ETSI
ETSI ES 201 980 V4.1.1 (2014
• UEP shall not be used with xHE-AAC.
5.1.2 AAC audio coding
For generic audio coding, a subset of the MPEG-4 Advanced Audio Coding (AAC) toolbox chosen to best suit the
DRM system environment is used. For example a standard configuration for use in one short wave channel could be
20 kbit/s mono.
Specific features of the AAC stream within the DRM system are:
• Bit rate: AAC can be used at any bit rate. The granularity of the AAC bit rate is 20 bit/s for robustness modes
A, B, C and D and 80 bit/s for robustness mode E.
• Sampling rates: permitted sampling rates are 12 kHz and 24 kHz for robustness modes A, B, C and D and
24 kHz and 48 kHz for robustness mode E. 48 kHz is only permitted if the SBR tool is not used.
• Transform length: the transform length is 960 to ensure that one audio frame corresponds to 80 ms or 40 ms
(robustness modes A, B, C and D) or to 40 ms or 20 ms (robustness mode E) in time. This is required to allow
the combination of an integer number of audio frames to build an audio super frame of 400 ms (robustness
modes A, B, C and D) or 200 ms (robustness mode E) duration.

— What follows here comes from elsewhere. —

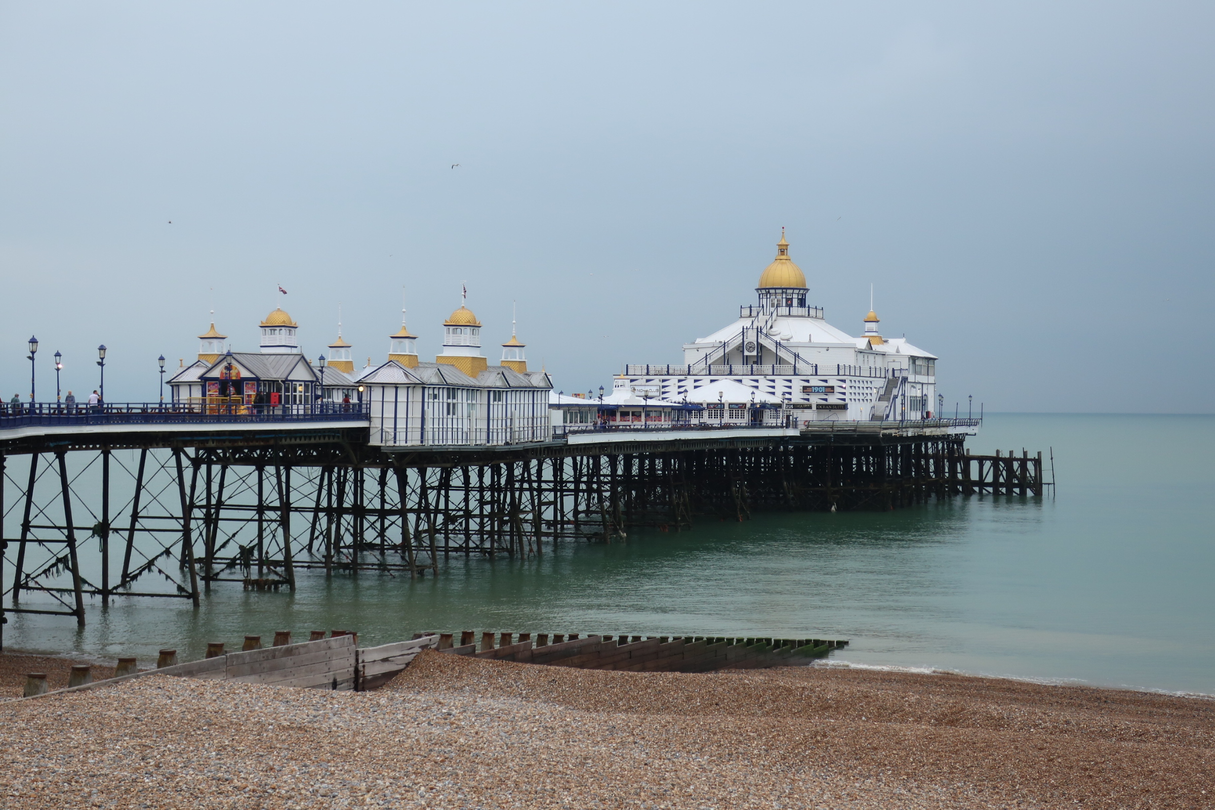 Der nächste Ort ist Eastbourne. Der Pier ist hier ebenfalls ganz schön. Aber die bunten Lichter und der Trubel vom Brighton Pier fehlen uns.

• Error robustness: a subset of MPEG-4 tools is used to improve the AAC bit stream error robustness in error
prone channels (the MPEG-4 EP tool is not used).
• Audio super framing: 5 or 10 audio frames are composed into one audio super frame. For robustness modes A,
B, C and D, the respective sampling rates are 12 kHz and 24 kHz producing an audio super frame of 400 ms
duration; for robustness mode E, the respective sampling rates are 24 kHz and 48 kHz producing an audio
super frame of 200 ms duration. The audio frames in the audio super frames are encoded together such that
each audio super frame is of constant length, i.e. that bit exchange between audio frames is only possible
within an audio super frame. One audio super frame is always placed in one logical frame in robustness modes
A, B, C and D and in two logical frames in robustness mode E (see clause 6). In this way no additional
synchronization is needed for the audio coding. Retrieval of frame boundaries and provisions for UEP are also
taken care of within the audio super frame.
• UEP: better graceful degradation and better operation at higher BERs is achieved by applying UEP to the
AAC bit stream. Unequal error protection is realized via the multiplex/coding units. For robustness mode E,
the length of the higher protected part of an audio super frame shall be a multiple of 2 bytes.
SBR coding
To maintain a reasonable perceived audio quality at low bit rates, classical audio or speech source coding algorithms
need to limit the audio bandwidth and to operate at low sampling rates. It is desirable to be able to offer high audio
bandwidth also in very low bit rate environments. This can be realized by the use of Spectral Band Replication (SBR).
The purpose of SBR is to recreate the missing high frequency band of the audio signal that could not be coded by the
encoder. In order to do this in the best possible way, some side information needs to be transmitted in the audio
bitstream, removing a small percentage of the available data rate from the audio coder. This side information is
computed on the full bandwidth signal, prior to encoding and aids the reconstruction of the high frequencies after
audio/speech decoding.
SBR exists in two versions. The version difference is only reflected in the decoder design. High Quality SBR uses a
complex filterbank whereas Low Power SBR uses a real-valued filterbank plus anti-aliasing modules. The Low Power
version of SBR offers a significant reduction in complexity as compared to the High Quality version without
compromising too much on audio quality. AAC + SBR is defined in MPEG-4 Audio (High Efficiency AAC profile) [2].
PS coding
For improved performance at low bit rate stereo coding, a Parametric Stereo (PS) coder is available. The PS tool can be
used when running the configuration AAC + SBR (MPEG High Efficiency AAC profile). The general idea with PS
coding is to send stereo image describing data as side information along with a downmixed mono signal. This stereo
side information is very concise and only requires a small fraction of the total bit rate allowing the mono signal to have
maximum quality for the total bit rate given.